Если правительство ласкалось приобретением Амура, то видим ли какой – либо план в безместных шатаниях Хабарова по водам? На зиму укрепляют место, весною бросают его на разорение прибрежных жителей; где же опора, где пребывание власти? Если и Степанов расточал силу и время на подвиги грабительства, то все надобно винить Хабарова, который в пользу свою имел и всеобщий переполох по Амуру и благоприятное время для утверждения главного места в любом из оставленных городков. Не только в 10, но и в 5 лет можно было обезопасить себя и дружбою соседей, и хлебопашеством, и военным ограждением. Но, к несчастью, при всеобщей неурядице господствовал один лишь дух ясака и грабежа».

Любой образованный человек в России, интересовавшийся историей Сибири, знал этот труд. Без сомнения, знал его и генерал – губернатор Восточной Сибири Н. Н. Муравьев. Причем не только знал, но, по всей вероятности, считал Словцова провидцем, в некотором смысле духовным отцом своих начинаний на Амуре.
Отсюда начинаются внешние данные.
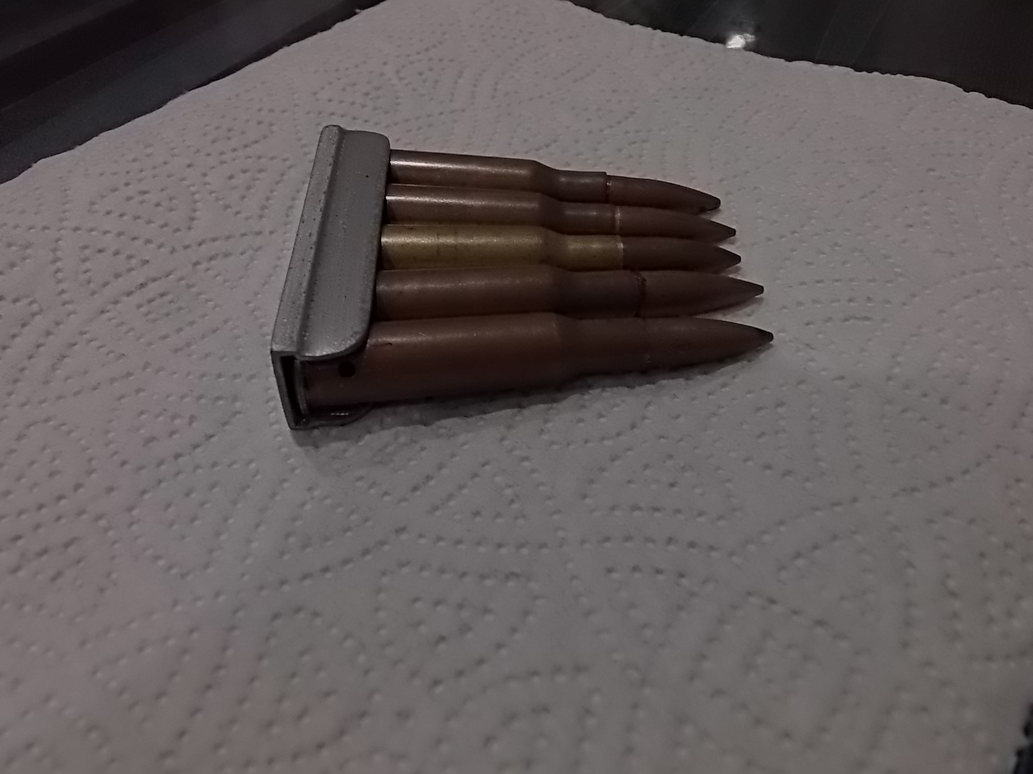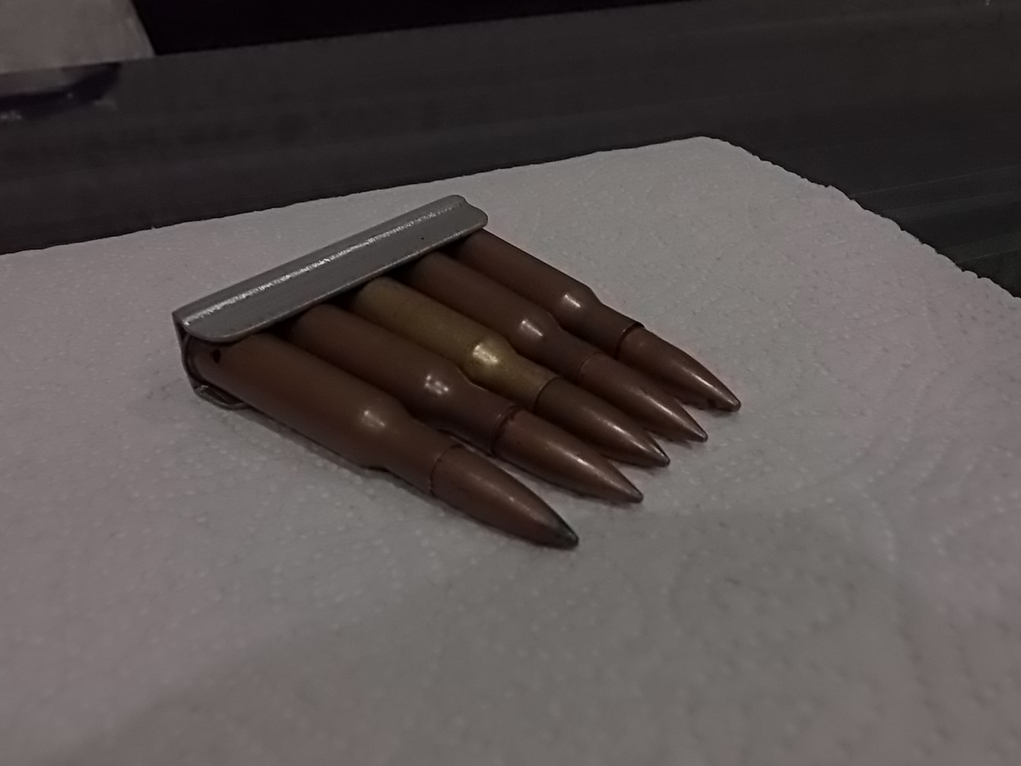 Пока ожидал приезда деталей, занялся магазин.коробкой. С ней мне тоже дружок К. помог, частенько выручает меня всякими «железками» мелкими. Коробка в целом была исправна-хотя это было не так важно. Но всё же исправная кнопка,подаватель и клейма на крышке были безусловно приятны и подчёркивали подлинность её. Резьба к сожалению в заднем крепеже была сорвана. Но это была не проблема! Прежде всего обрезал коробку болгаркой в верней части до нужной мне высоты. Целая коробка упиралась во вставленное в ложу железо. А в заднее крепёжное отверстие врезал на ЭДП с метал.опилками шпильку стальную с резьбой М6. Приготовил для крепежа через «лапку» и втулку. Сделал её из мебельной стяжки чуть доработав её и заворонил.
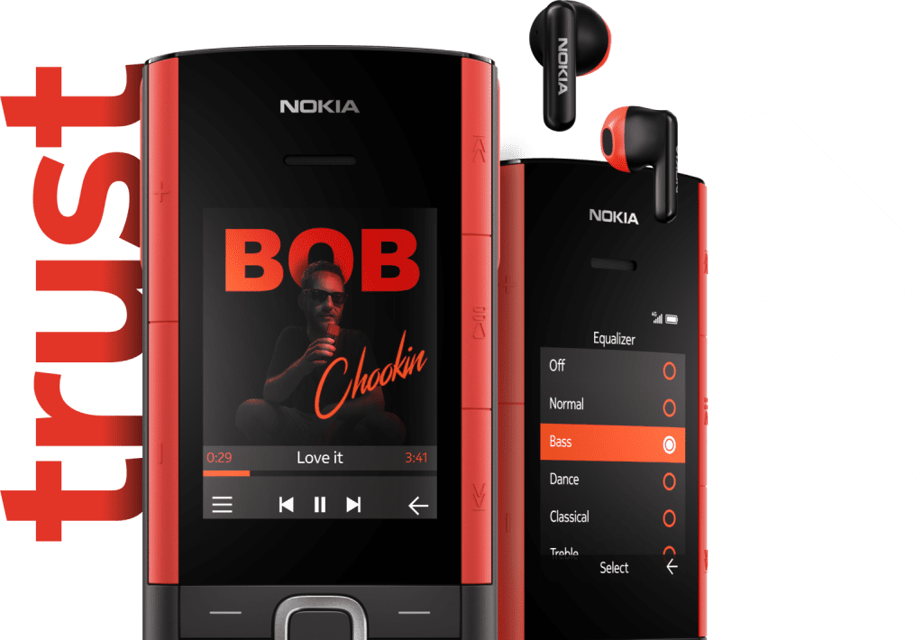 And when you’re alone on your journey, there are built-in TWS earfbuds right inside the phone. Just slide down the cover on the back and you’ll get access to fully-charged TWS for some private music and calls. The Nokia 5710 XpressAudio runs on S30+ OS and includes support for Dual-SIM, 4G VoLTE, FM Radio, and Bluetooth 5.0. It can support up to 32GB of external storage (using a MicroSD card) to store a large variety of audio files.
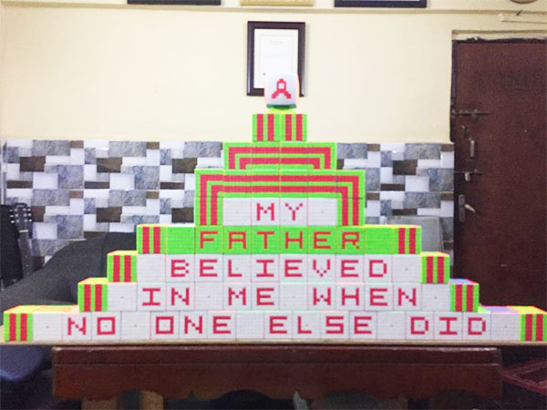 The only child in the world to make alphabets blindfolded on Rubik's cube.
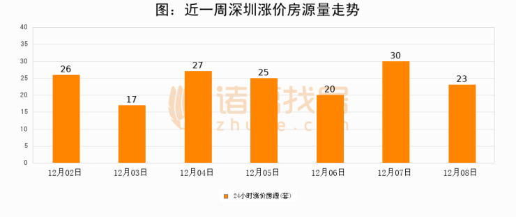 根据诸葛找房数据显示,深圳24小时涨价房源量为23套,较12月07日减少7套,环比下降23.3%。与此同时,涨价房源占比小幅回落,对于购房者来说是一个入市窗口期,购房者可抓住时机入市。
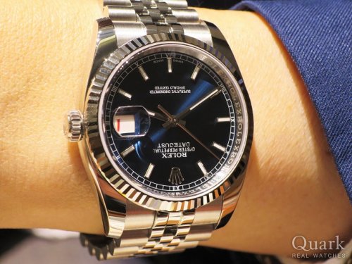 グリーンガラスの黒、Zブルーと散々悩んだ挙句、この時計にしました。ある意味ロレックス「らしくない」ところがとても気に入っております。嫌味なくどこへでも着けていける感じがします。
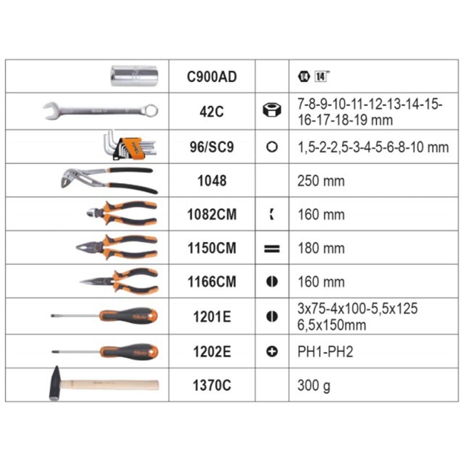 Combination wrenches, pliers, screwdrivers, hammer, Allen keys, and more.
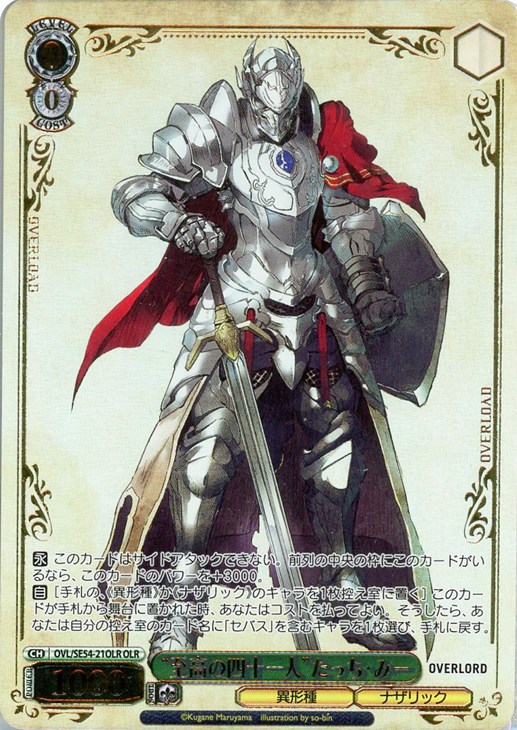【自】[手札の、《異形種》か《ナザリック》のキャラを1枚控え室に置く] このカードが手札から舞台に置かれた時、あなたはコストを払ってよい。そうしたら、あなたは自分の控え室のカード名に「セバス」を含むキャラを1枚選び、手札に戻す。
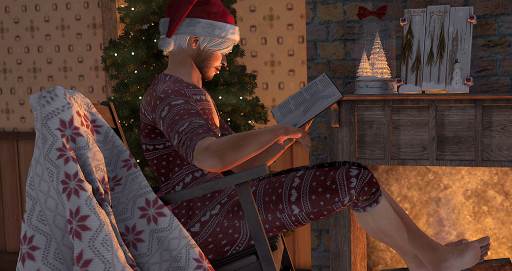 First up is a sweat little rocking chair with a throw from Goose. The scene I put together for it really makes me wish I had a fireplace in my real life apartment. I’ve tried building a camp fire, but the neighbours really don’t like it. Oh well.
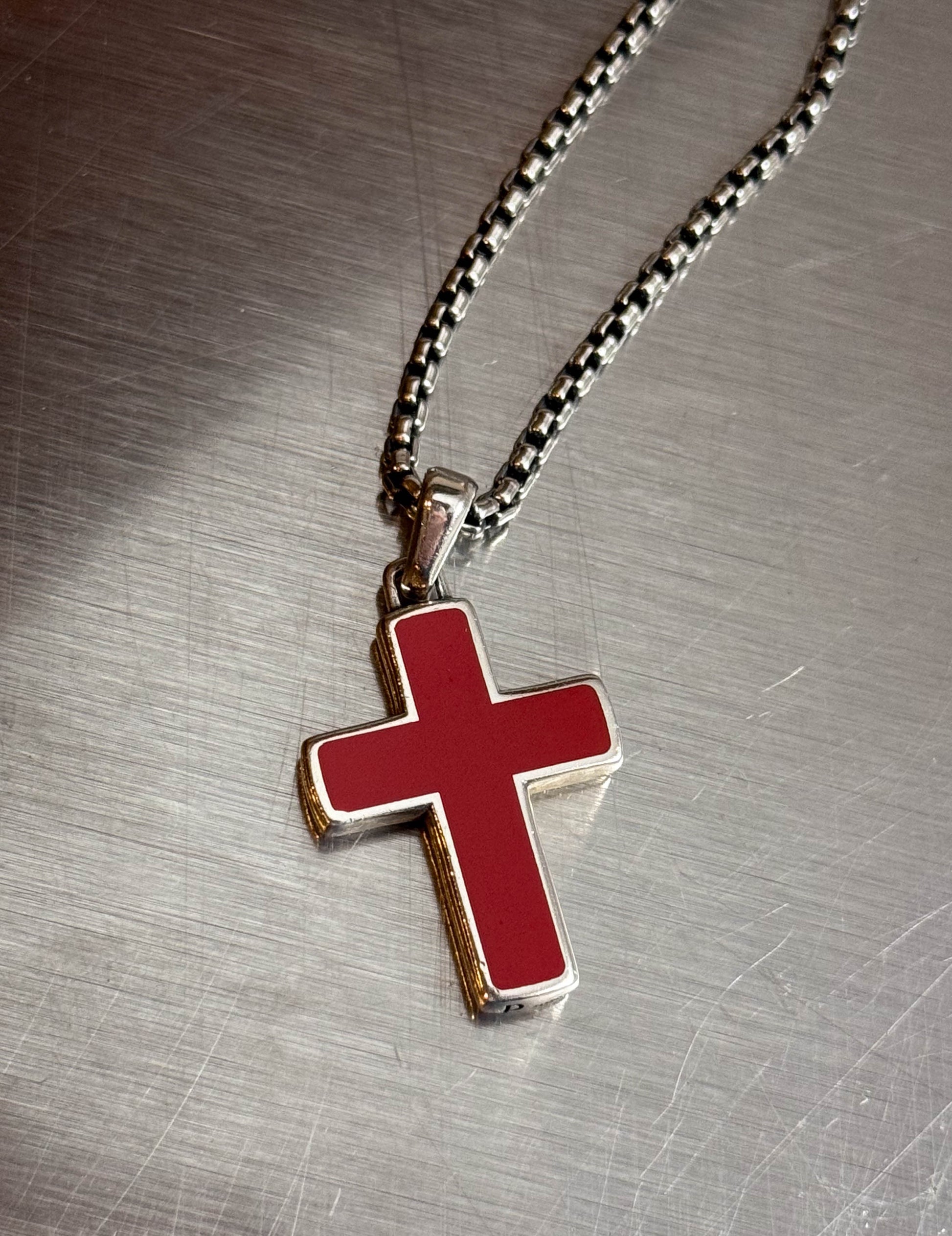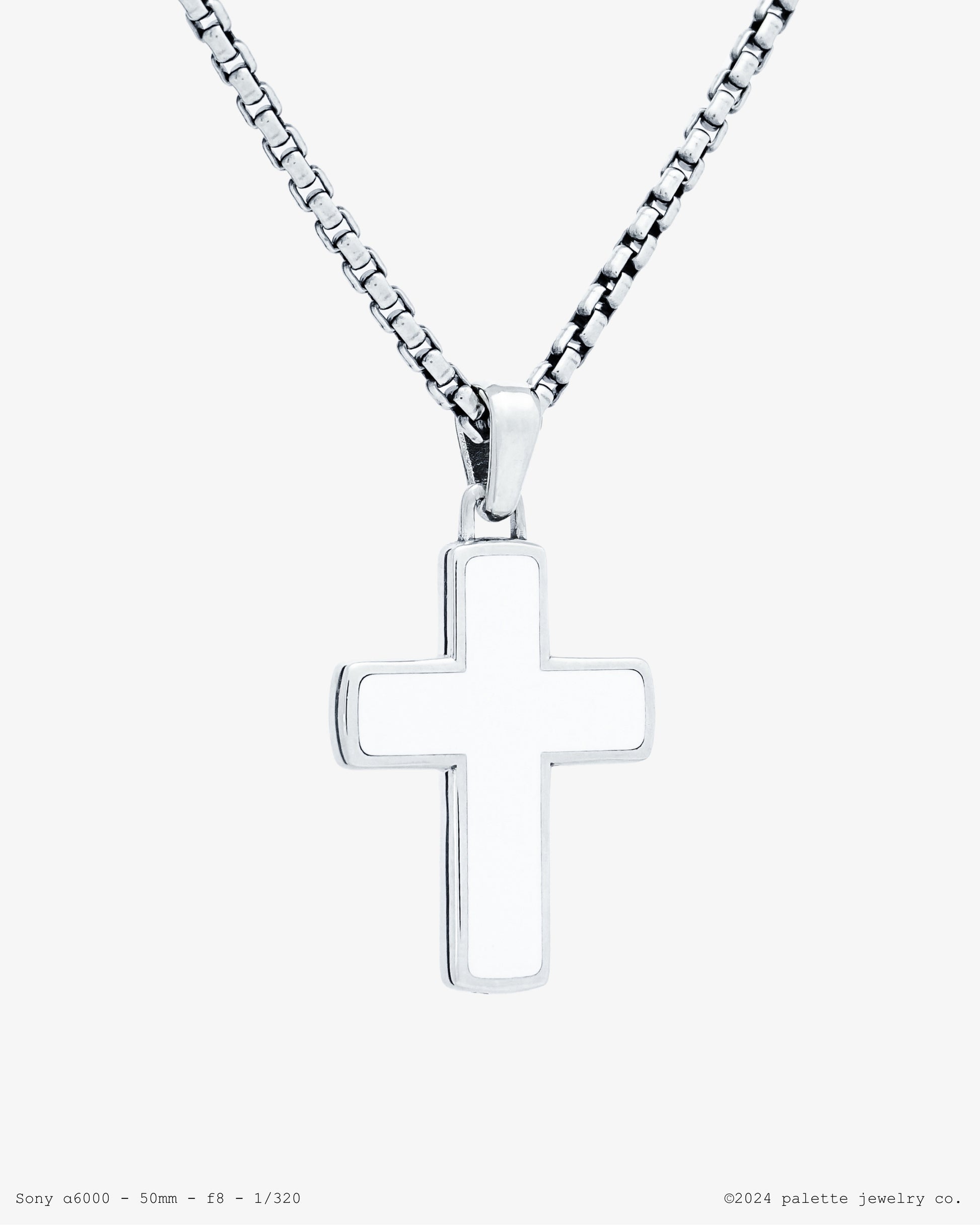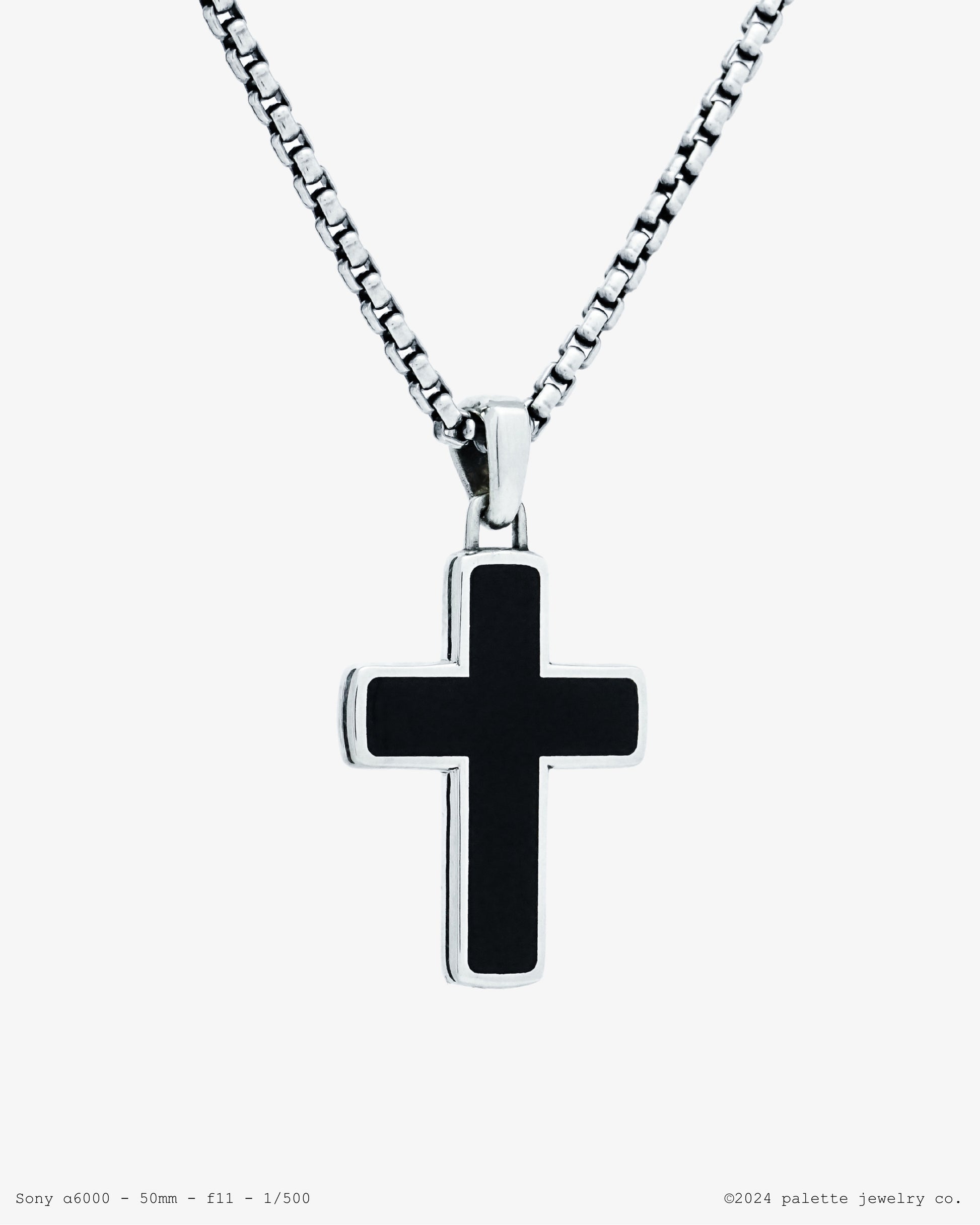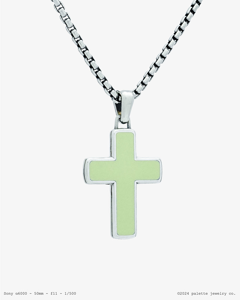 Sterling silver and kiln-fired enamel inlay cross. Palette signature wood grain motif back. Handcrafted in Rhode Island.
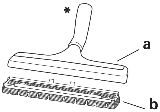 - The smooth flooring nozzle with slits* with the removable row of bristles (a+b).
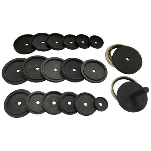 2tリアー大型トラックまで対応する汎用ハブシールインストーラーセット。凸型ハブシールを専用プレートとシャフトで正確に圧入可能。 |
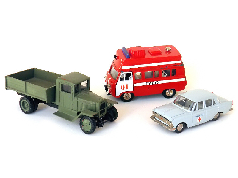 états de 'B' à 'F' - miniatures reproduisant les modèles : MOSKVITCH 408 sanitaire, ZIS plateau à ridelles (manque une roue jumelée) & UAZ 452 pompiers (châssis cassé, modèle à reconstitué) - importantes traces de métal fatigue
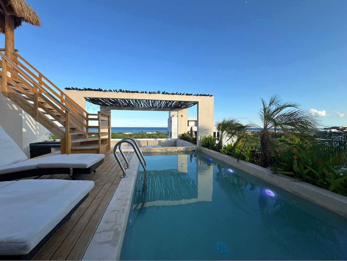 Cielito Lindo is a PH Studio just in the heart of Playa Del Carmen. With an oceanside view and just less than 450 meters away from the beach. Cielito Lindo is fully equipped with all your needs. Enjoy a private balcony, a second floor in the same unit with a Private pool, an area to BBQ, and enjoy a great evening. With also access to common areas such as a GYM, SAUNA, and INFINITY POOL. All within the walking distance of the majority of restaurants, supermarkets, branded stores, and nightclubs.
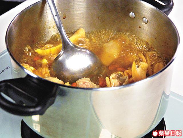 1.將雞湯倒入鍋,下北芪、黨參、桂圓肉、杞子、當歸、淮山及果皮,開大火煲滾,滾起後轉細火煲約45分鐘。
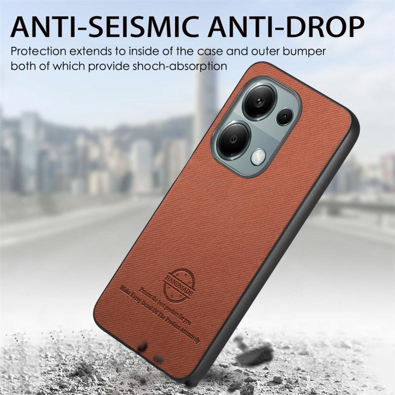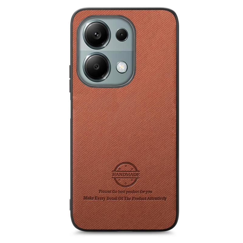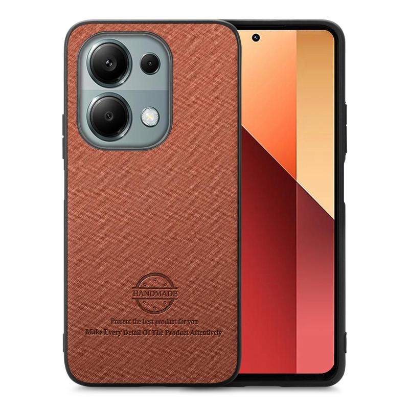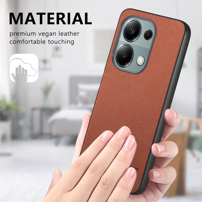 For Redmi Note 13 Pro 4G Twill Fabric Leather Skin Back Phone Case(Brown)
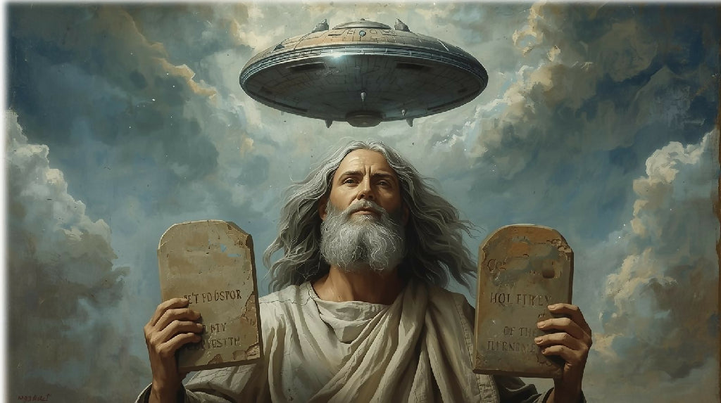 Vivid painting depicting Moses holding The Ten Commandments with a spaceship hovering above.

Ведь Петр Андреевич при изложении в своей книге событий, предшествовавших заключению неравноправного Нерчинского русско – китайского договора, писал: «Права на берега Амура были равны у нас и у них (маньчжуров), но не равны силы», а главу о событиях на Амуре завершил пророческими словами: «Если судьбами времен предопределено Албазину когда – либо воскреснуть, то ореол его воспарит из пепла, как феникс, не с луком и стрелою, но с грозным штыком и огнедышащею пушкою…». Ведь именно так и произошло.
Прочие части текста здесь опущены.